Album Review Slaves - Acts of Fear and Love

Slaves - Acts of Fear and Love

Their tales of 2010s disillusionment are a resounding success.

Rating:

If Blur’s ‘The Great Escape’ perfectly encapsulated mid-‘90s Thatcherite Britain in all its middle-class aspirational kitsch, ‘Acts of Fear and Love’, Slaves’ third - does a decidedly similar job sifting through today’s grimy suburban rubble. ‘Magnolia’ is - after all - literally about the ubiquitous wall paint colour. “Daddy’s got a new girl / young enough to be his kid / making up for lost time / things he wishes that he did”, recalls ‘Daddy’, while opener ‘The Lives They Wished They Had’ muses on presenting our best selves online - and includes the humorous couplet “approach with caution / I’ve got my muscles to an intimidating proportion”. In short, ‘Acts of Fear and Love’ is - in the true Britpop tradition - an album that tells stories.

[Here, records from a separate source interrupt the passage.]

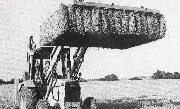 Picture: the Flintstone bale collector was a popular product to collect big bales. To honor its name, Meijer made a rather pointless roof on the collector to make it look like the Fred Flintstone car. No function, but it looked awesome!
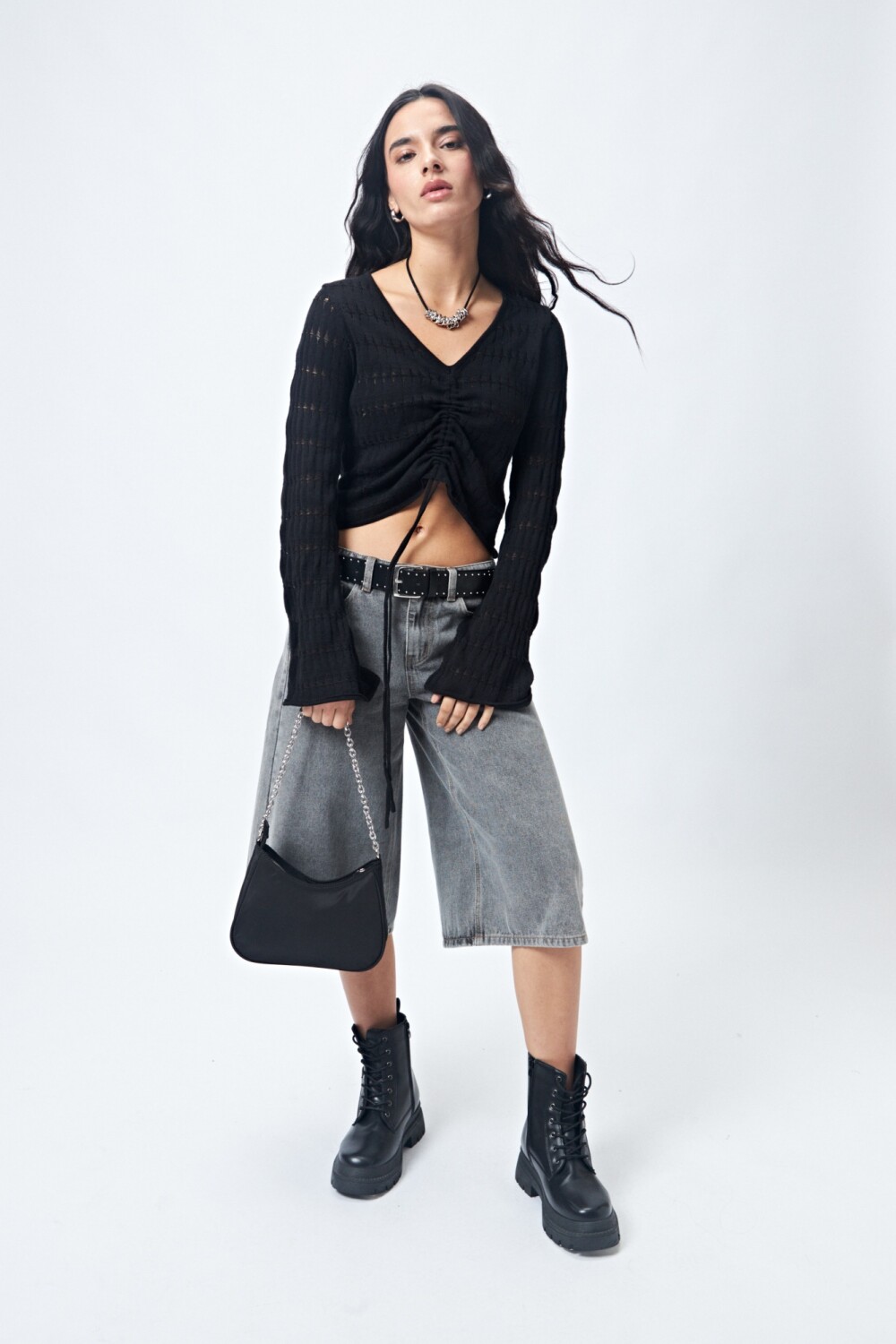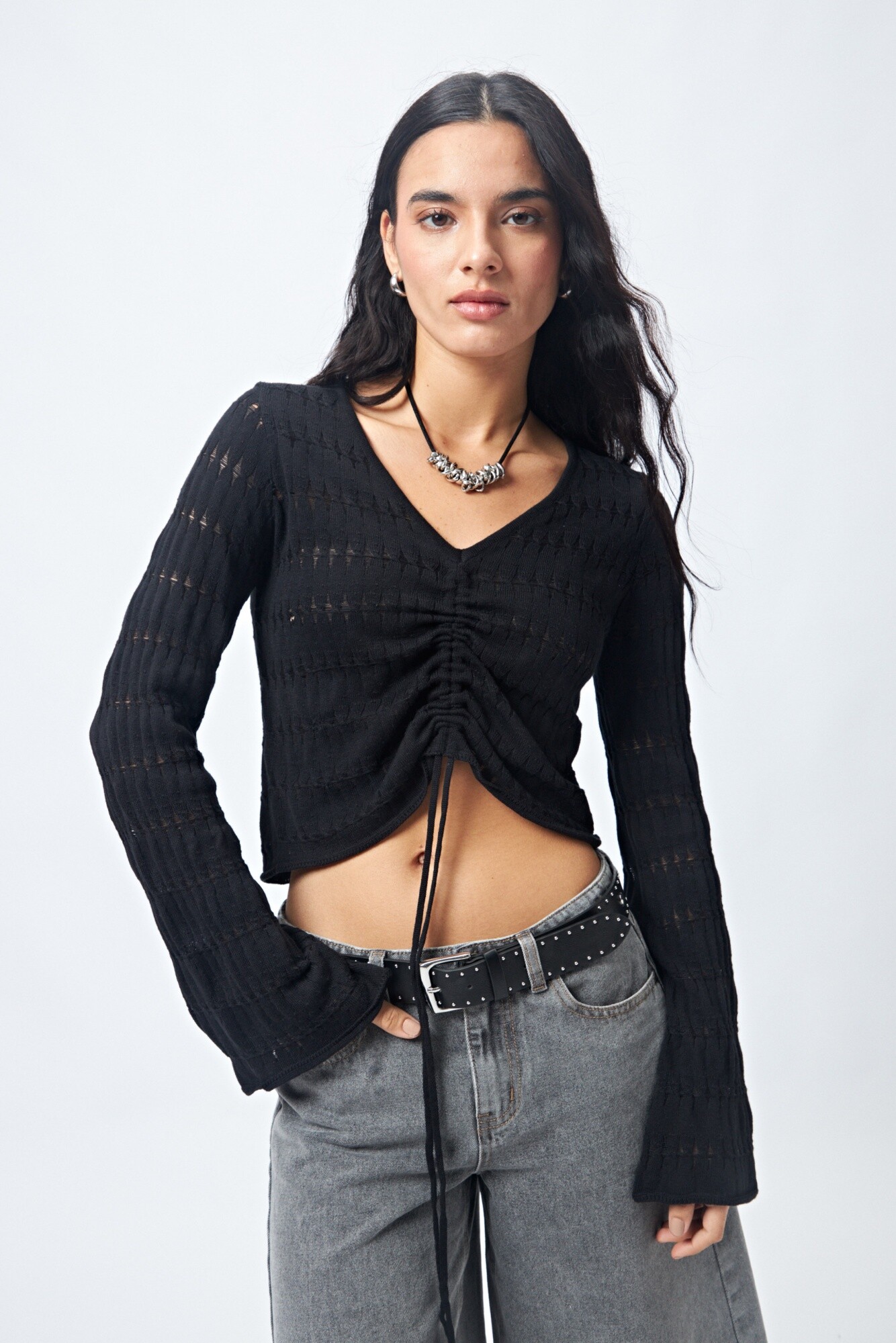 Un diseño que combina lo delicado con lo trendy. Este top tejido presenta una trama calada con sutil transparencia y escote en “V”, acompañado de un frunce central regulable que permite ajustar el largo y realzar la silueta. Las mangas acampanadas le suman un aire romántico, mientras que su textura liviana lo convierte en una opción ideal para looks de entretemporada o para superponer sobre tops al tono.
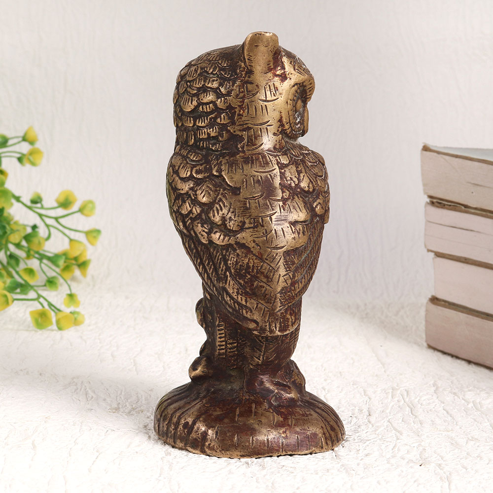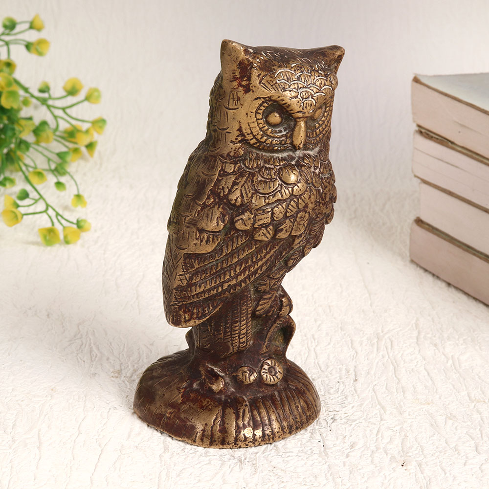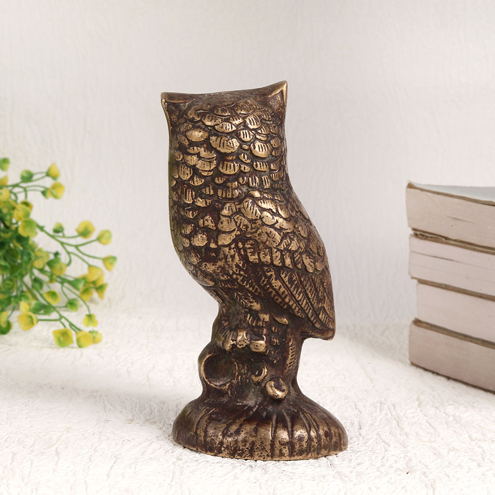 Buy a Brass Owl Statue online which is a stunning piece of artistry that embodies the rich heritage of Indian craftsmanship. Meticulously handcrafted by highly skilled Indian artisans, this masterpiece showcases their unparalleled expertise in working with high-quality brass. The statue boasts an antique brown finish that lends it an aura of timeless elegance. Standing as a symbol of wisdom and grace, this Brass Owl Statue is a versatile addition to any setting. Whether adorning your home, office, restaurant, hotel, cafe, or shop, it exudes an aura of sophistication and charm. It effortlessly merges with various decor styles, making it a versatile and captivating decoration piece. This exquisite owl statue is not just a decorative item, it's also a collector's delight. Its intricate design and vintage appeal make it a valuable addition to your vintage collection or a captivating exhibit piece at special events. Furthermore, this Brass Owl Statue makes for a thoughtful and meaningful gift for your loved ones on special, festive, or auspicious occasions.
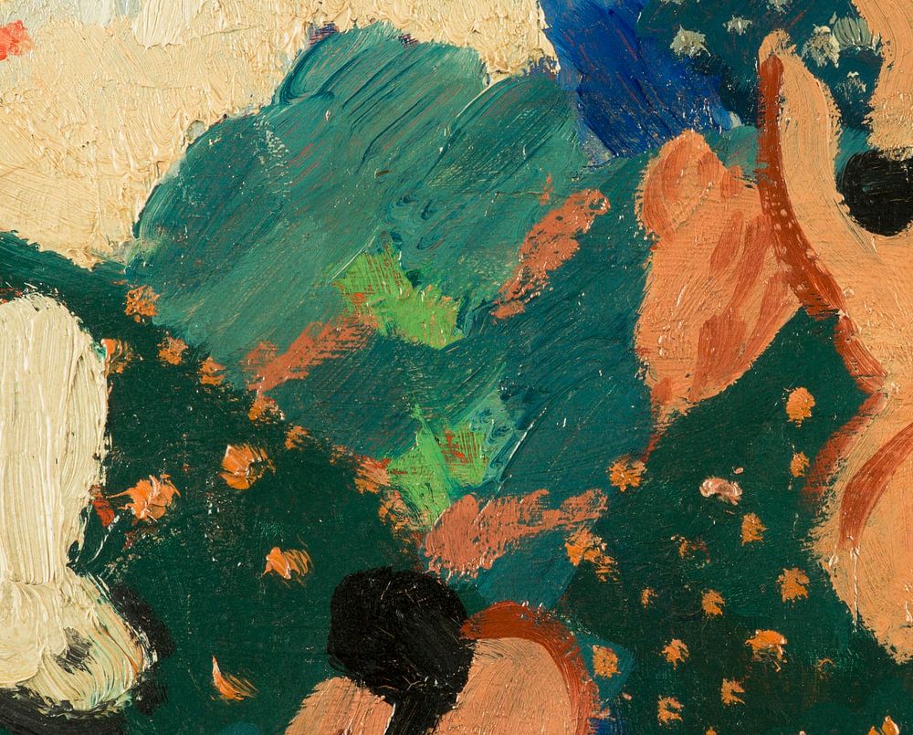 La mort de Paul Cézanne en 1906 conduit André Derain à poursuivre un sujet privilégié par le dernier des grands post-impressionnistes : les baigneurs dans un paysage idyllique. Dans cette petite huile, Derain divise son petit paysage en deux parcelles de terre en pente, vert forêt, parsemées de traits de couleur agrume, qui entourent l'embouchure d'un profond fleuve ultramarin. Les baigneuses apparaissent dans différents états de déshabillage, avec une silhouette particulièrement incurvée qui se détourne du spectateur alors que ses épais cheveux de corbeau tombent juste au-dessus de sa taille. Un vibrant éventail de blancs aide à relier cet espace presque mythique.
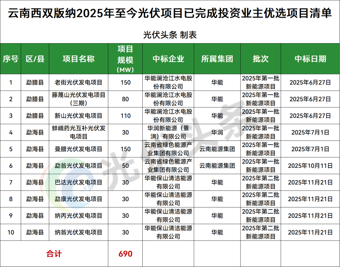 西双版纳勐腊县、勐海县2地光伏项目竞配结果公示,规模共计690MW;
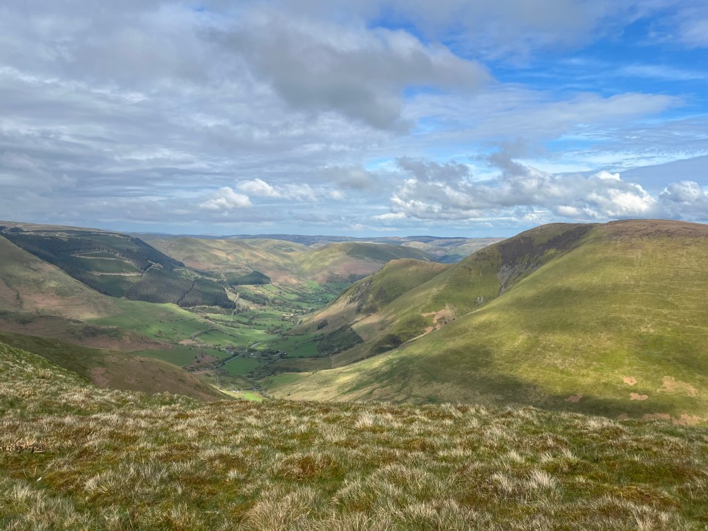 We took a few photos and were soon joined at the summit by a lovely lady who was walking the Welsh Nuttalls, the 190 hills and mountains over 2000 feet. Waun-oer was her sixth. She had had knee surgery in both knees a couple of years ago and was so encouraging to Freddie as he is recovering from surgery of his own. We left her resting her back against the cold stone of the trig point, enjoying the quiet air and widening views. She was the only other person we saw on our walk, and I was slightly envious of her solitude.
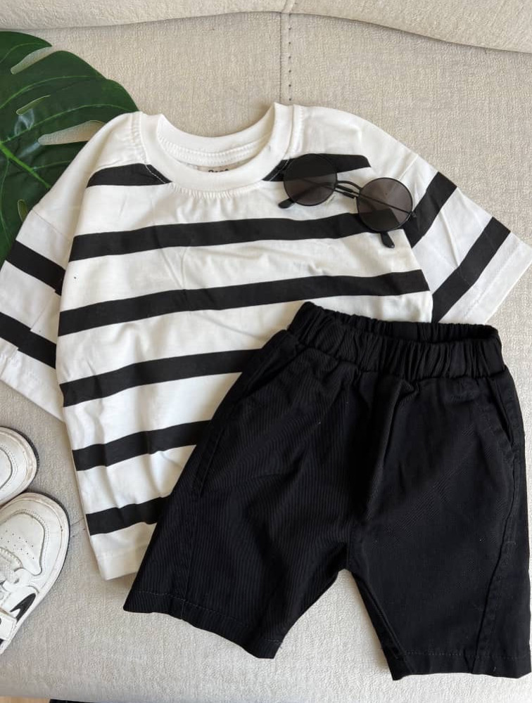 تیشرت شلوارک راه راه مشکی
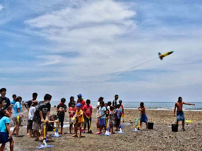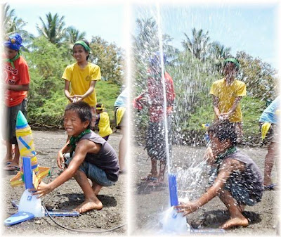 昨晩つくったロケットに水を入れてから発射台に載せ、ポンプで空気を送り込んで…発射!
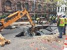 (明報21日訊)在距離本週梅西感恩節遊行活動不遠的上西區一角,因主水管的破裂致地面下陷,形成巨大裂口。這一塌陷裂口位於中央公園西(Central Park West)和哥倫比亞大道(Columbus Avenue)之間的西82街(West 82nd Street),塌陷裂口長20呎,寬10呎。
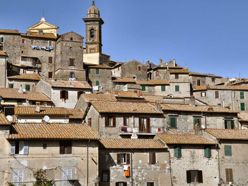 Il borgo sorge su un alto rilievo, che pare emergere dalle acque del lago vulcanico, e dal centro si domina uno splendido panorama che spazia dal lago fino agli Appennini.
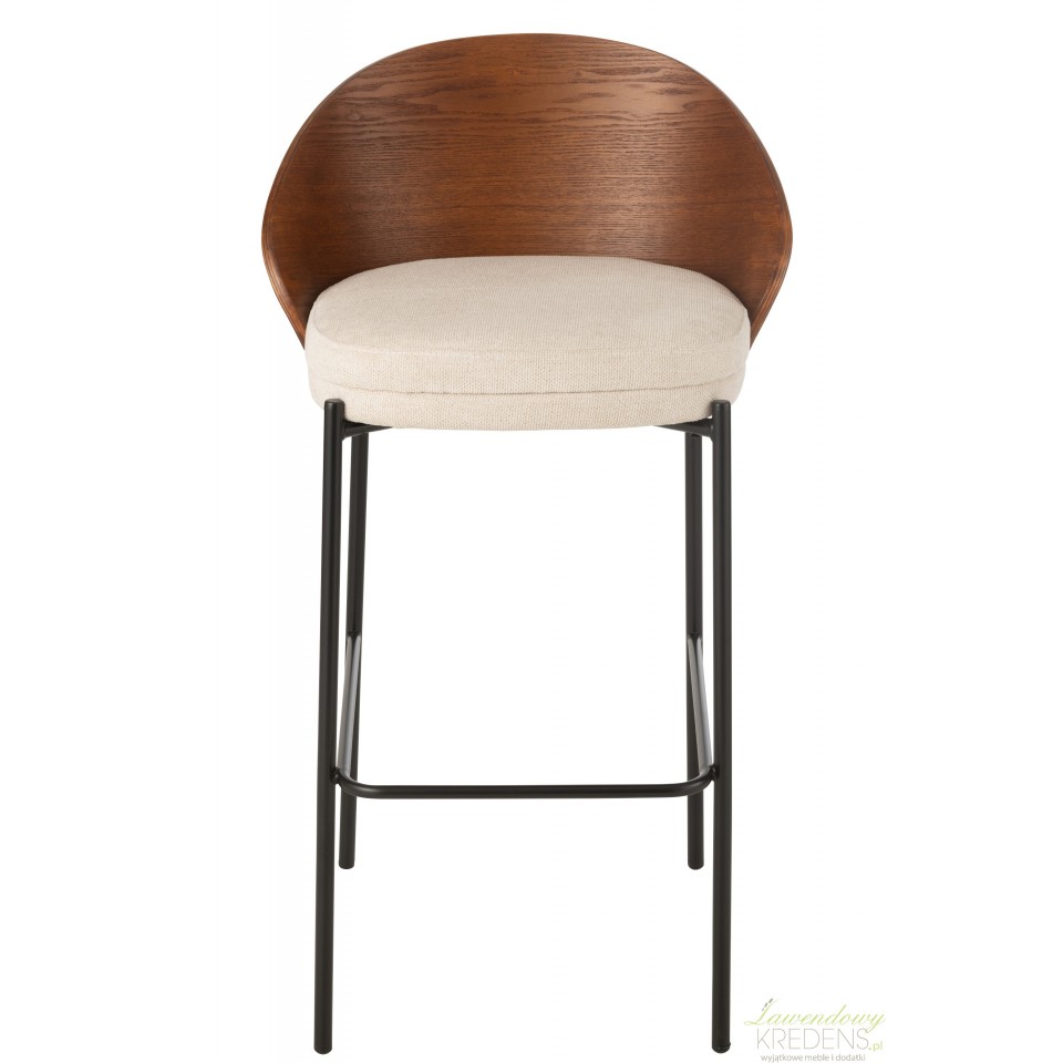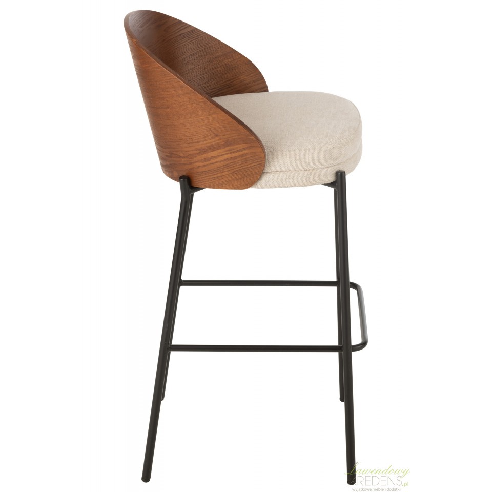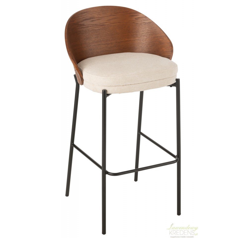 Stołek barowy na metalowych, czarnych nogach doskonale sprawdzi się przy wyspie kuchennej, albo ustawiony przy blacie. Meble z drewna z serii Japandi to nituzinkowe, praktyczne i dekoracyjne wyposażenie do wnętrz. Zapraszamy.

If that doesn’t sound like the Slaves you think you know - well, quite. The pair, by now well-versed in the pummelling punk shown off on 2015 debut ‘Are You Satisfied?’ and ‘Take Control’, released the following year, have audibly broadened their horizons here, and to pleasing effect. If you think we’re leaning on some particular Essex boys a little too much, have a listen to highlight ‘Chokehold’ and tell us that “uh uh uh” backing vocal doesn’t sound familiar. There’s also a delightful Weezer-esque riff on ‘Photo Opportunity’, another of the best tracks here, Isaac Holman swapping his perpetual roar for vulnerability. “Metacognition got me hiding away,” he murmurs. “my pockets are full / but the forecast is grey.”

There are still some heavy moments, mind - ‘Bugs’ is a joyous thrash, while ‘Artificial Intelligence’ brims with doomy grunge. The closing title track, meanwhile, is a masterclass in tension, the sprawling, layered textures contrasting well with Isaac’s spoken-word.

After releasing two albums in such quick succession, ‘Acts of Fear and Love’ was probably the first chance Slaves had to try anything different. And by keeping enough of the old - and allowing themselves the space to go a little heart-on-sleeve - their tales of 2010s disillusionment are a resounding success.